10 фев. <…> Киселева кладут в больницу. Белокровие и частичный паралич правой стороны[61].
15 фев. [этот и следующий листы в сшитой машинописи дневника явно переставлены местами] <…>
Н. Я. Берковский привез из города «Лит. газету» с дискуссией вокруг статьи М. Лифшица[62]. Ее прочитала Л. Я. Гинзбург и дала мне. Сейчас буду читать. Библиотекарь дал мне № 1 «Москвы» с окончанием романа «Мастер и Маргарита». <…>
12 фев. Сегодня была Эмма и уехала. Обычные объяснения. Потом — вроде ничего… Не хочется об этом думать. <…>
Страннейшее письмо от Н. Я. с рассказом (длинным) о каких-то изменах ее с Татлиным и О. Э. с Ольгой Ваксель в 25–27 гг. и просьбой найти сына О. Ваксель и попросить у нее[63] дневник матери.
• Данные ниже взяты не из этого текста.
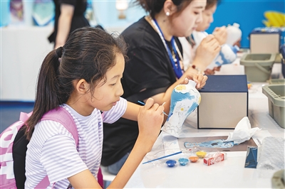 “博博会”期间,观众在中国(海南)南海博物馆展区体验手绘活动。(受访单位供图)
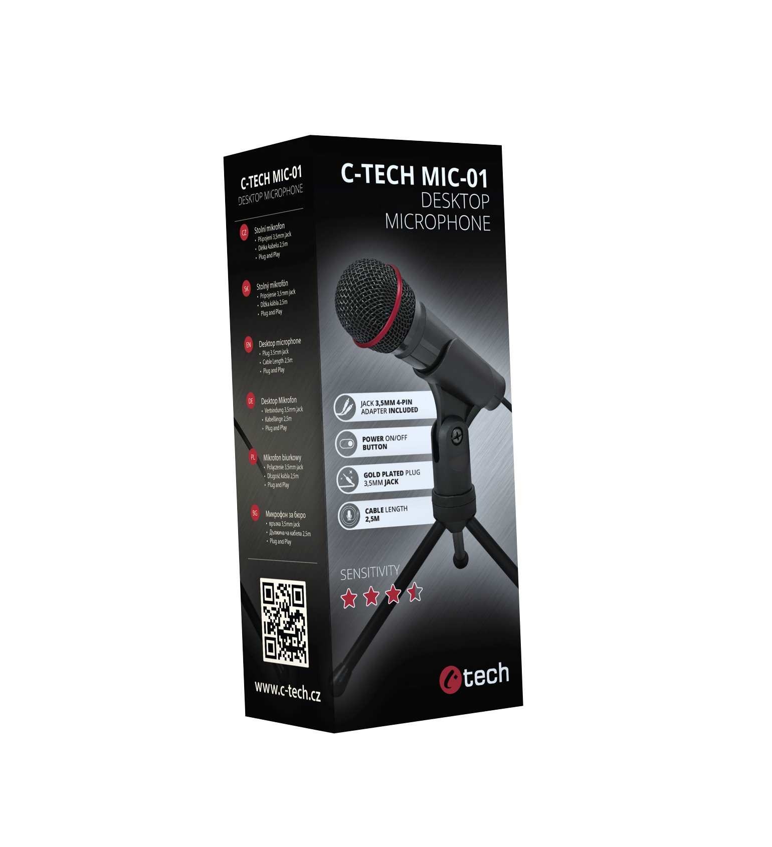 C-TECH MIC-01 je kvalitní mikrofon s přirozenou kvalitou reprodukce hlasu pro každodenní použití. Své uplatnění najde jak při použití s komunikačními programy, tak i při vytváření youtube videí nebo live přenosů. Mikrofon se připojuje pomocí 2,5m kabelu s pozlaceným stereo konektorem jack 3,5mm, v balení však naleznete i redukci jack stereo 3-pin/4-pin pro připojení mikrofonu k zařízení, které je vybaveno sloučeným audio konektorem pro mikrofon a sluchátka. Mikrofon je vybaven zapínacím tlačítkem ON/OFF. V balení naleznete praktický podstavec (tripod), díky kterému lze umístit mikrofon do různých poloh.
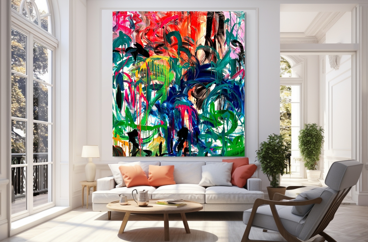This work is painted on professional-grade canvas and has been sealed with varnish. The canvas is 1160 cm in width by 176 cm in height. The painting is larger than this to allow for a colour wrap, so that the sides are painted in the same manner as the surface. Therefore no frame is required.

Будто бы там может быть какая-то «клевета» и пр.[64]
Я человек любопытный и могу этим заняться, но зачем это Н. Я.? И еще просит разыскать некоего доктора Гревса и узнать о смерти О. Э. <…>
Очень тепло.
Хочется ранней весны и жить в Загорянке одному. И работать целыми днями.
16 фев. <…> Письмо от Рудницкого. <…> Любопытная новость: в № 1 «Литер. Грузии» за этот год опубликовано 60 стихотворений Мандельштама и статья о нем на 2 листа Маргелашвили[65]. Сказал об этом Лидии Яковлевне — она очень удивилась. Костя переезжает на Аэропортовскую. <…>
17 фев. <…> Вечером звоню Эмме. Она сообщает, что получает квартиру на Дачном[66]. Взволнована.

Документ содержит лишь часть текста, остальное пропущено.